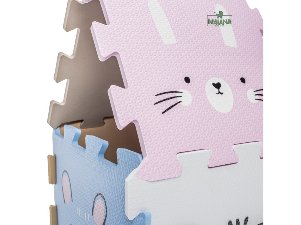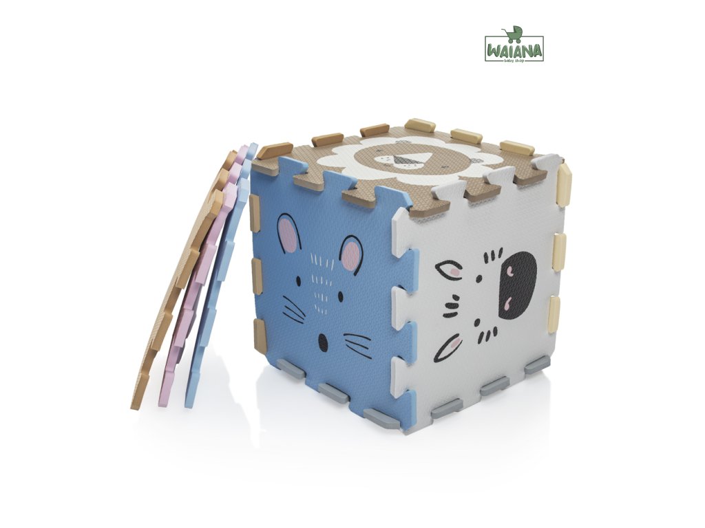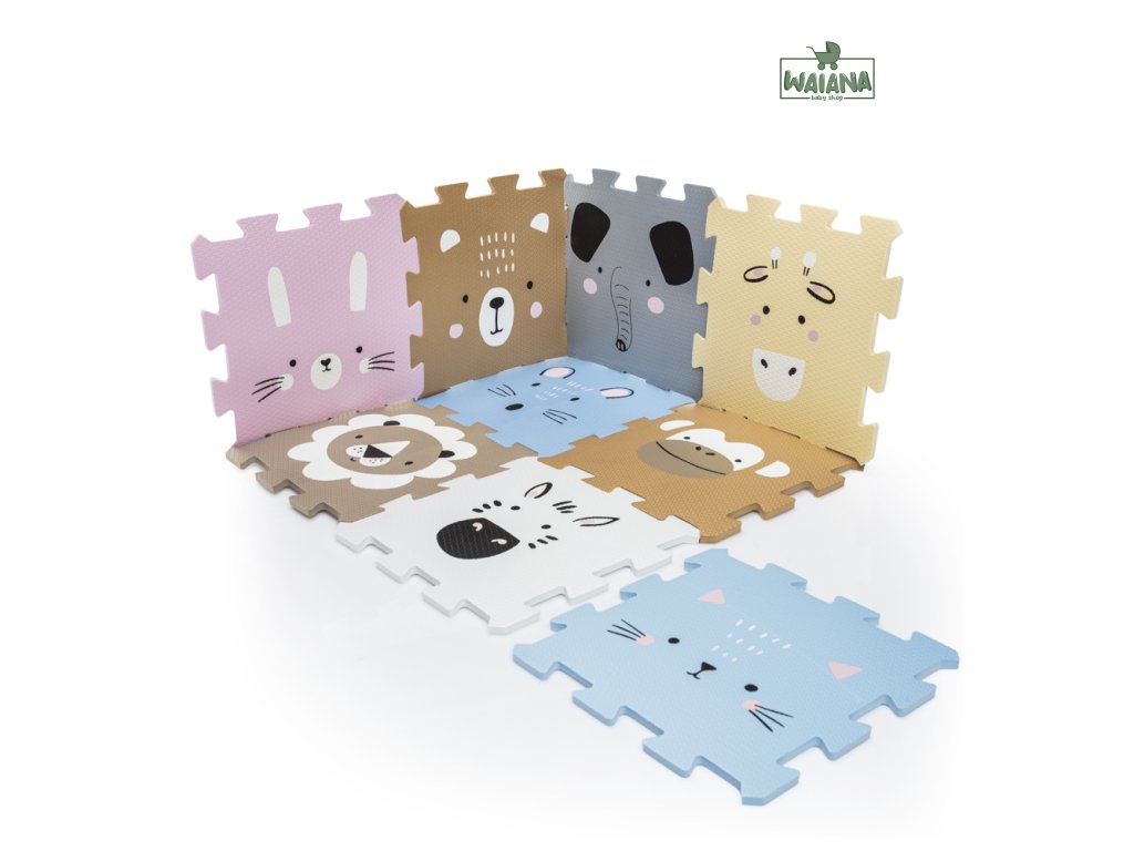Penové puzzle je vyrobené z kvalitnej EVA peny. Slúži nielen ako podložka, ktorá zabezpečí pohodlie vďaka izolácii od chladu, ale aj ako praktická pomôcka pre prvé mesiace bábätka, keď poskytuje mäkkú oporu pri pásení koníčka alebo pri prvom lození.
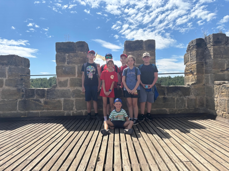 Rozdělili jsme se na tři skupiny. První skupinka – ti nejodvážnější – se vydala na pěší túru po okolí. Šlapali lesními cestami, osvěžovali se v potůčcích a nakonec dorazili až na pohádkový hrad Helfenburg.
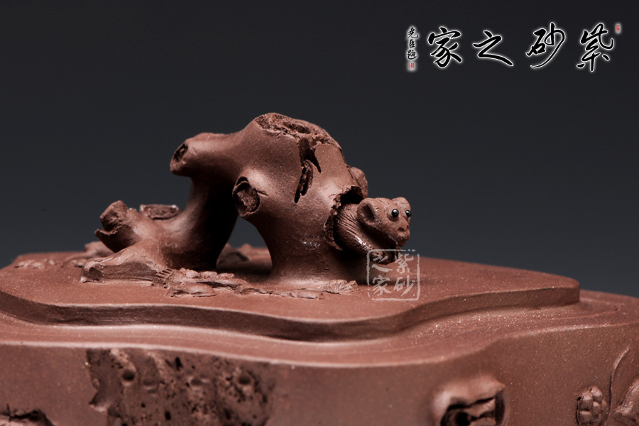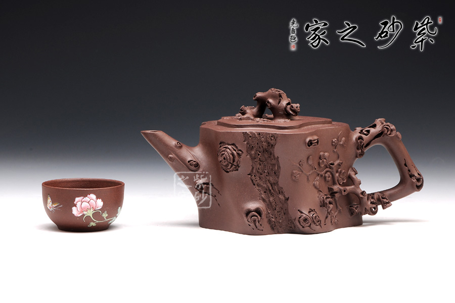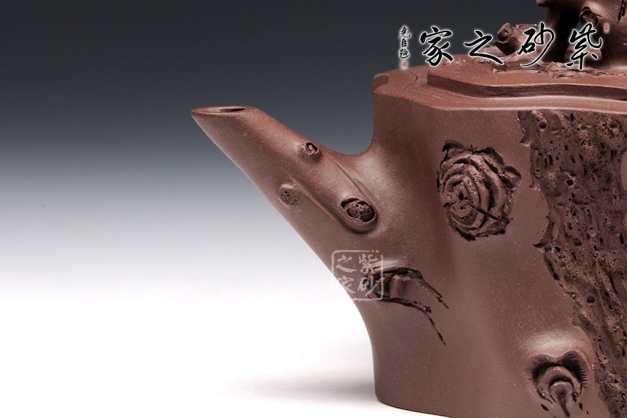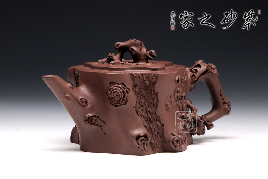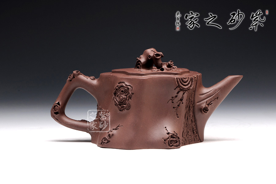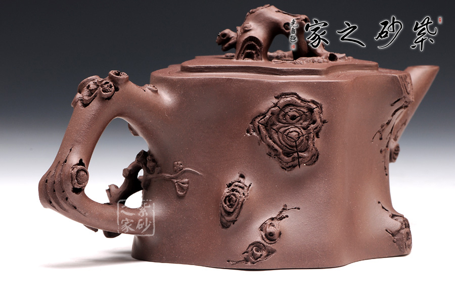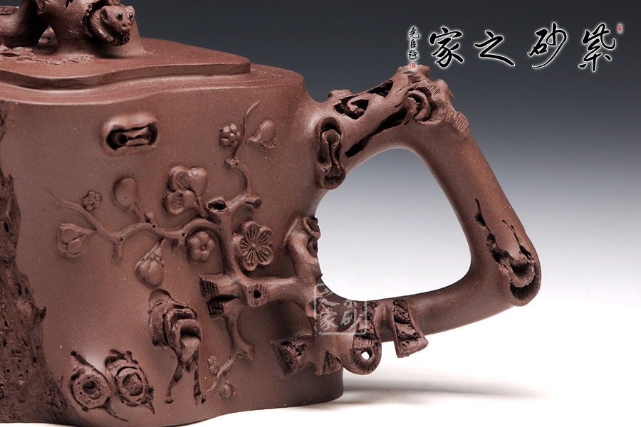 梅樁,是一款經典的紫砂壺器型,選用原礦紫泥精制而成,以梅花燦爛綻 放表現報春的主題,從壺身造型到創(chuàng)作原意都洋溢著無比的朝氣,讓人感到了春天來到的勃勃生機;壺身、流、把、蓋全部是用極富生態(tài)的梅樁、樹皮及纏枝組成, 形態(tài)自然而富含力度;壺上梅花采用貼花技藝手法,壺嘴壺把為梅樁衍生出的枝干,伸展自然,有如自然長成,仿生性極強,充滿了生命的活力;壺把和壺鈕處胥出梅花,疏影橫斜、暗香動人;壺身融圓、壺足挺立,壺蓋穹窿,整體制作到位,此壺做工精細,實用性觀賞性都很好。
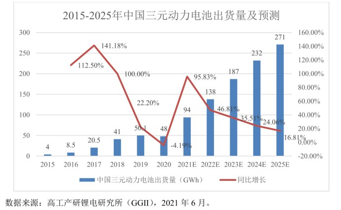 这一过程也造就了硫酸镍溢价维持高位。目前,硫酸镍供给持续偏紧,反映在价格上,硫酸镍溢价虽然自3月份高点有所回落,但仍居高位,超20000元/镍吨。招商证券预计,预计2025年电池级硫酸镍全球总需求为72万镍吨,2021年三元前驱体需求量预计为57万吨,2025年有望增至167万吨。
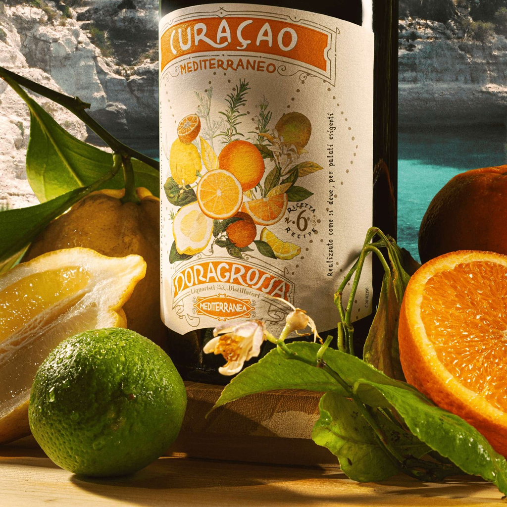 Ervaar de pittige uitbarsting van Doragrossa Mediterranea Curacao. Een eersteklas Italiaanse likeur doordrenkt met levendige mediterrane citrus voor een verfrissende smaak.

....

Set down the material above word for word and skip its pictures.

Penové puzzle je vyrobené z kvalitnej EVA peny. Slúži nielen ako podložka, ktorá zabezpečí pohodlie vďaka izolácii od chladu, ale aj ako praktická pomôcka pre prvé mesiace bábätka, keď poskytuje mäkkú oporu pri pásení koníčka alebo pri prvom lození.
 Rozdělili jsme se na tři skupiny. První skupinka – ti nejodvážnější – se vydala na pěší túru po okolí. Šlapali lesními cestami, osvěžovali se v potůčcích a nakonec dorazili až na pohádkový hrad Helfenburg.
 梅樁,是一款經典的紫砂壺器型,選用原礦紫泥精制而成,以梅花燦爛綻 放表現報春的主題,從壺身造型到創(chuàng)作原意都洋溢著無比的朝氣,讓人感到了春天來到的勃勃生機;壺身、流、把、蓋全部是用極富生態(tài)的梅樁、樹皮及纏枝組成, 形態(tài)自然而富含力度;壺上梅花采用貼花技藝手法,壺嘴壺把為梅樁衍生出的枝干,伸展自然,有如自然長成,仿生性極強,充滿了生命的活力;壺把和壺鈕處胥出梅花,疏影橫斜、暗香動人;壺身融圓、壺足挺立,壺蓋穹窿,整體制作到位,此壺做工精細,實用性觀賞性都很好。
 这一过程也造就了硫酸镍溢价维持高位。目前,硫酸镍供给持续偏紧,反映在价格上,硫酸镍溢价虽然自3月份高点有所回落,但仍居高位,超20000元/镍吨。招商证券预计,预计2025年电池级硫酸镍全球总需求为72万镍吨,2021年三元前驱体需求量预计为57万吨,2025年有望增至167万吨。
 Ervaar de pittige uitbarsting van Doragrossa Mediterranea Curacao. Een eersteklas Italiaanse likeur doordrenkt met levendige mediterrane citrus voor een verfrissende smaak.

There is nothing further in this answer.